The slip-up has attracted no shortage of commentary on social media, with some even suggesting the post was actually a case of 'any publicity is good publicity'.

Although the store hasn't opened yet, Sephora Australia has more than 15,000 Instagram followers.

Sephora in the limelight of late...

The Beauty retail giant recently found itself in hot water, having been accused by four women of Chinese descent of racial profiling.

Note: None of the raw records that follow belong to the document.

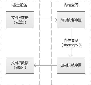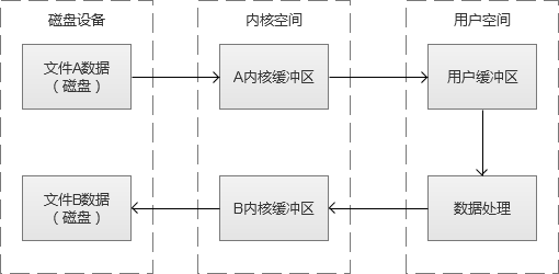 以最简单的磁盘读写例子,从磁盘中读取 A 文件,写入到 B 文件。A 文件数据是从磁盘开始,然后载入到“内核缓冲区”,然后再拷贝到“用户缓冲区”,我们才可以对数据进行处理。写入的时候,也同理,从“用户态缓冲区”载入到“内核缓冲区”,最后写入到磁盘 B 文件。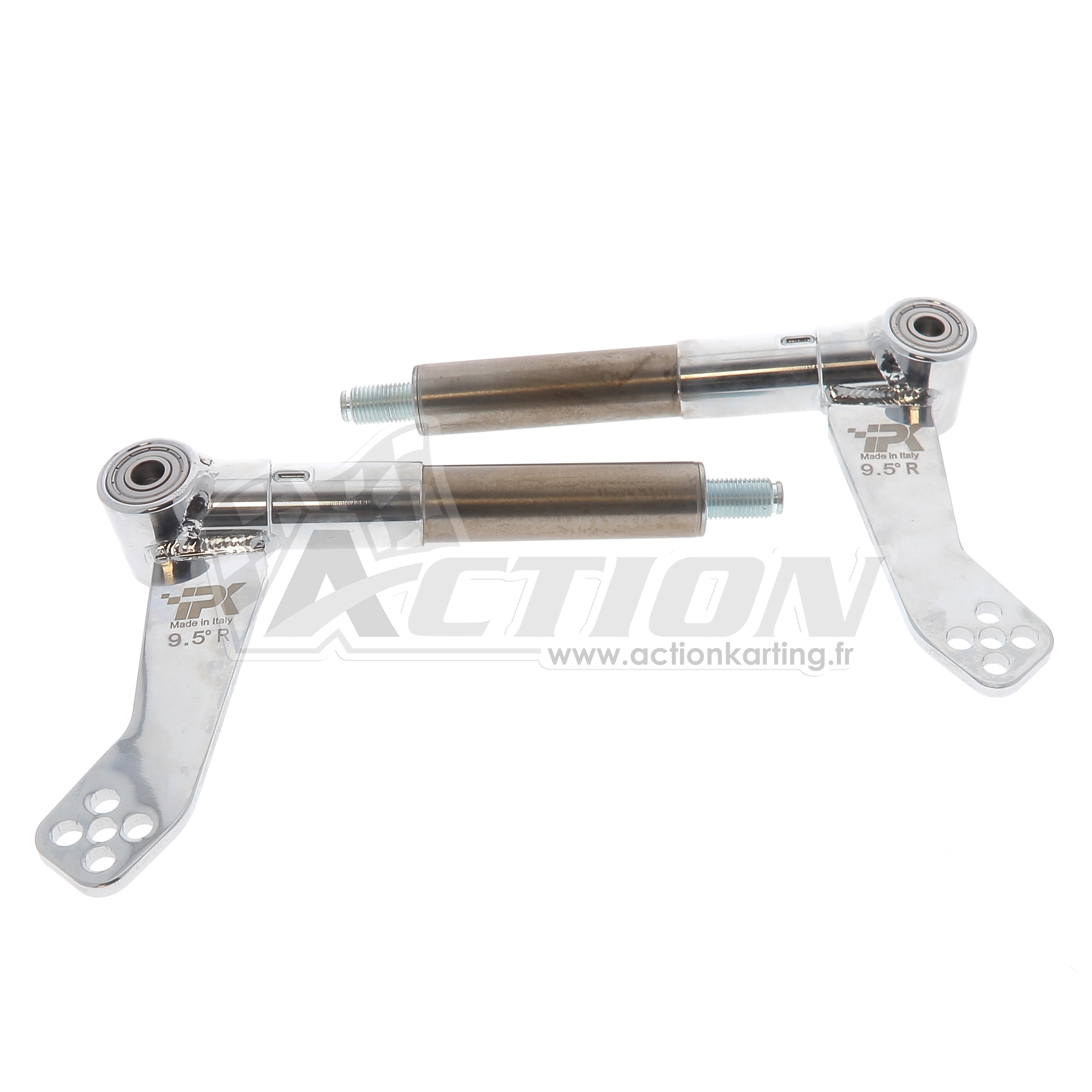 • Fusée à 9,5 degrés: C'est le choix qui permet de libérer l'avant du kart au centre du virage et lors de sa sortie. Il est généralement utilisé sur une piste à forte adhérence, mais peut également être monté dans des conditions d'adhérence moyenne, en fonction du type de montage utilisé.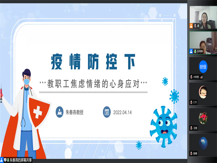 4月14日,校教职工心理健康服务中心邀请伟德体育官网副院长朱春燕教授,以“疫情时期的焦虑情绪应对”为主题,为全校职工开展了一场线上公益讲座,提醒广大教职工做好“心理防疫”。全校500余名教职工线上参加活动。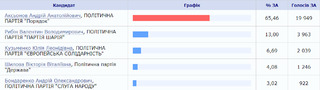 З великим відривом там переміг скандальний мер міста Добропілля Андрій Аксьонов. Він набрав 65,6 % голосів.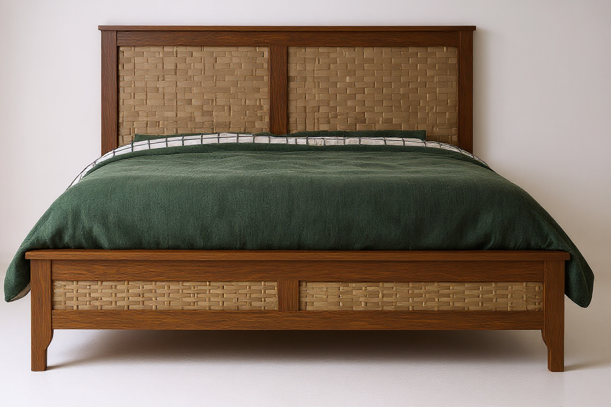 lighter grayish brown toast almond wire brush finish bed to match the weaving white beddings and pillows
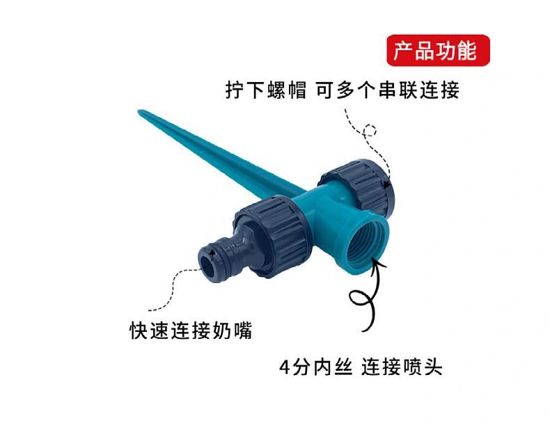 Aspersor de césped de 4 puntos, aspersor de estaca para suelo, soporte para aspersor de jardín, conexión de serie de riego con pin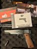 Biete hier einen NEUEN & UNGESCHOSSENEN Umarex Colt 1911 A1 ANT - WD im Kaliber 9mm P.A.K. Inkl aller Papiere , Abschussbecher und im Originalkoffer. PTB 774. Dies ist die limitierte, längst vergriffene Version im Antik- Finish mit Holzgriffschalen.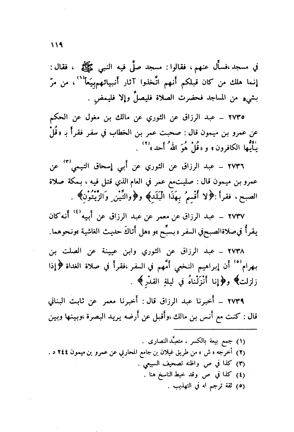 2736 - عَنِ الثَّوْرِيِّ، عَنْ أَبِي إِسْحَاقَ التَّيْمِيِّ، عَنْ عَمْرِو بْنِ مَيْمُونٍ قَالَ: «صَلَّيْتُ مَعَ عُمَرَ فِي الْعَامِ الَّذِي قُتِلَ فِيهِ بِمَكَّةَ §صَلَاةَ الصُّبْحِ، فَقَرَأَ لَا أُقْسِمُ بِهَذَا الْبَلَدِ، وَوَالتِّينِ وَالزَّيْتُونِ»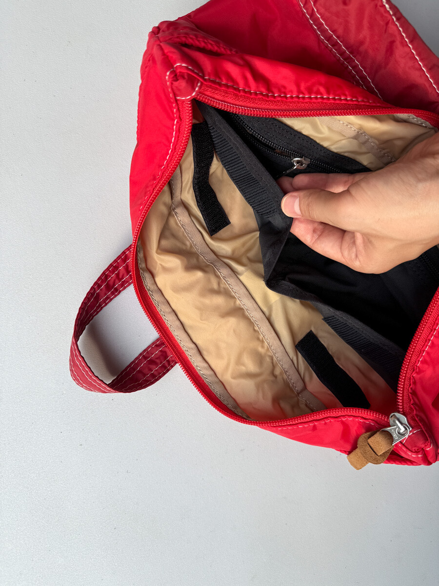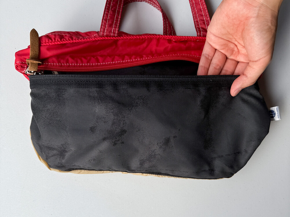 메인 소재에는 발수 가공을 실시한 경량의 나일론 태프터를 표지·안감 함께 채용했습니다. 표지와 안감 사이에는 부직포와 같은 심재를 전체에 넣는 것으로, 얇은 천이면서도 볼륨감을 주고, 면 본딩과는 또 다른 부드러움을 가진 독특한 감촉으로 완성하고 있습니다.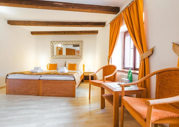 도시 내려다보고 있는 Pension Labyrint은 체스키크룸로프의 므네스트스키 공원에서 도보로 11분 거리에 있습니다. 호텔 현장에 개인 주차장 있습니다.

They claim the brand closed down Asian customers’ accounts during a 20% off sale, due to a belief that they would have resold discounted products for a profit.

Sephora has since defended its efforts to combat reselling, calling it 'a pervasive issue' after shutting down numerous accounts earlier this month.

However, the New York Daily News reported that attorney Doug Wigdor disagreed, stating that; “This is an egregious example of a retailer singling out individuals based on racial stereotypes.”

According to Manhattan Federal Court suit charges, the deactivated accounts were almost exclusively associated with email addresses or names that appeared to signify Asian ethnicity, or tied to Web domains originating from Asia, documents charge.

Two of the plaintiffs named in the suit are New Yorkers: Xiao Xiao of Manhattan and Tiantian Zou of Queens.

The documents also claim that various users still have not been able to reactivate their accounts despite pleas they don’t hustle beauty products on the black market.